Back in the days when I was a grad student at Tufts University, I attended a guest lecture by then Project Darkstar tech lead Jim Waldo (now Harvard's CTO). At the end of the lecture, when someone asked him why he made the technical decisions in Jini, he introduced the term - The Conservation of Hairiness. Lightning bolts struck. He didn't spend too much time explaining what he meant, but here's how I came to understand this term later (adjusted by my own interpretation, so don't misattribute its entirety to Dr. Waldo please):
For any given problem, there's usually more than one subproblem
Suppose you are to design a templating library, there are a number of smaller problems you need to solve. You will need to be able to load the template files from somewhere, parse them, allow the users to do some manipulation to fill in the contents, and return the results in some representation. You can obviously break these subproblems into sub-subproblems. For example, you may want to be able to load the templetes from the file system, or memory. You get my point. I will postulate that for any given problem that takes some input and produces some output, there's at least one subproblem that is either the problem itself, or a set of smaller problems.
The solution of a problem is the sum of the solutions of its subproblems
Natually, if you manage to solve all the subproblems, you have a complete solution to the problem as a whole. I assume you have heard of the Single Responsibility Principle, Do one thing only and do it well, and the Rule of Composition, so I'm not going to dwell on this.

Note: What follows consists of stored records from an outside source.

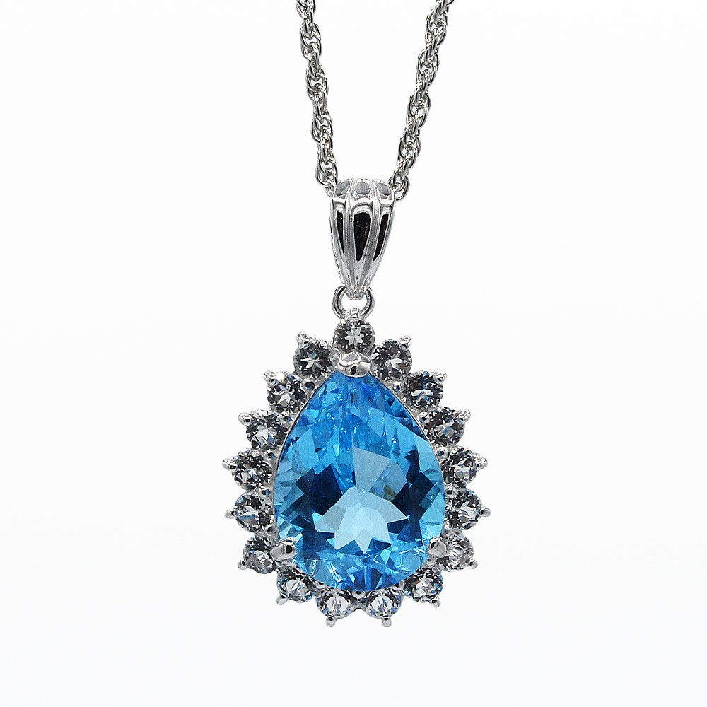 大粒10ctのペアシェイプカットのブルートパーズを17個、計2.0ctのホワイトトパーズで取り巻いた豪華で可愛らしいペンダントです。
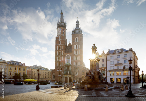 © Mikolaj Niemczewski, Fototapeta premium Panorama of old city center with Adam Mickiewicz monument and St
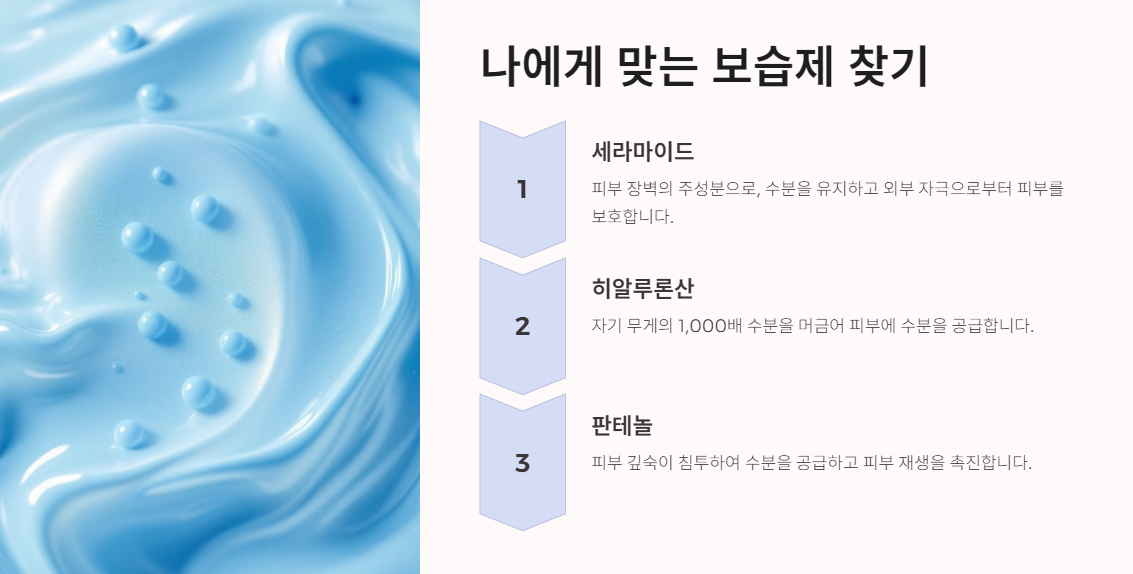 - 보습제 선택: 세라마이드, 히알루론산 등 피부 장벽 강화 성분이 함유된 보습제를 선택하여 수시로 발라줍니다.

What I'm going to tell you though, is that there are solutions out there that attempt to solve more than one problem at the same time, and there are solutions out there where the solutions for the subproblems are pretty much the same, but arranged in different orders.
If you have a different set of subproblems, you have a different problem, and requires a different solution
This is probably the most subtle point in the entire post so I'm going to explain a bit more. Let's say you are to build your startup company's website, you have limited time, money and you don't really know the constraints, you should probably go with the most popular technologies out there right? Wrong! The correct approach is always going to be to understand the problem first, even if you have to guesstimate on some number. How many users are going to be visiting your site? What's an acceptable response time? Do your data have schemas or are they free-form? Is it going to have lots of dynamic interactions or is it just mostly static with some dynamic content? These are all proper subproblems. Once you understand the constraints, then you can go out and choose a technology stack that enables that solution.
If your requirement is simply to be able to serve 1000 requests at a time, with less than 3 seconds response time, with a predefined data model and the pages are mostly static with some dynamic content, Spending days and weeks to evaluate Django vs Pyramid or Django ORM vs SQLAlchemy is probably going to make very little difference as they all solve the same problem, with slightly different arrangements of complexity spread out across basically the same layers.
However, if your data is free-form, using a schema-less datastore is probably a more attractive solution. Picking a framework that will enable you to use a different data access layer easily is probably a better idea. In this case, you may opt for Flask + MongoDB. By the same token, evaluating whether CherryPy + MongoDB or Bottle + Riak is better is going to make very little difference unless you have more nuanced requirements.
If you don't, or don't know, it's probably better to choose a stack that doesn't prevent you from solving other subproblems. Fortunately, most tools out there, especially those that adhere to the "Do one thing only and do it well" principle fit this description.
The complexity of any given problem is a constant
I would argue that how you choose your technology stack is largely dependent on how well you can understand the problem at hand. In reality, most of us most of the time simply don't know enough about the problem to be able to completely enumerate all the subproblems, so sitting here arguing about the same nuanced points days after days for two different tools that pretty much solve the same problems with different tradeoffs is going to make very little difference. At last, you still have to take your comfort zone into account. If you've found the perfect solution but requires you to learn the pieces for months, is it worth it?
This post has gone on long enough, I hope this post can give you some perspective in how to pick the right tool to do the right job. Now please feel free to comment!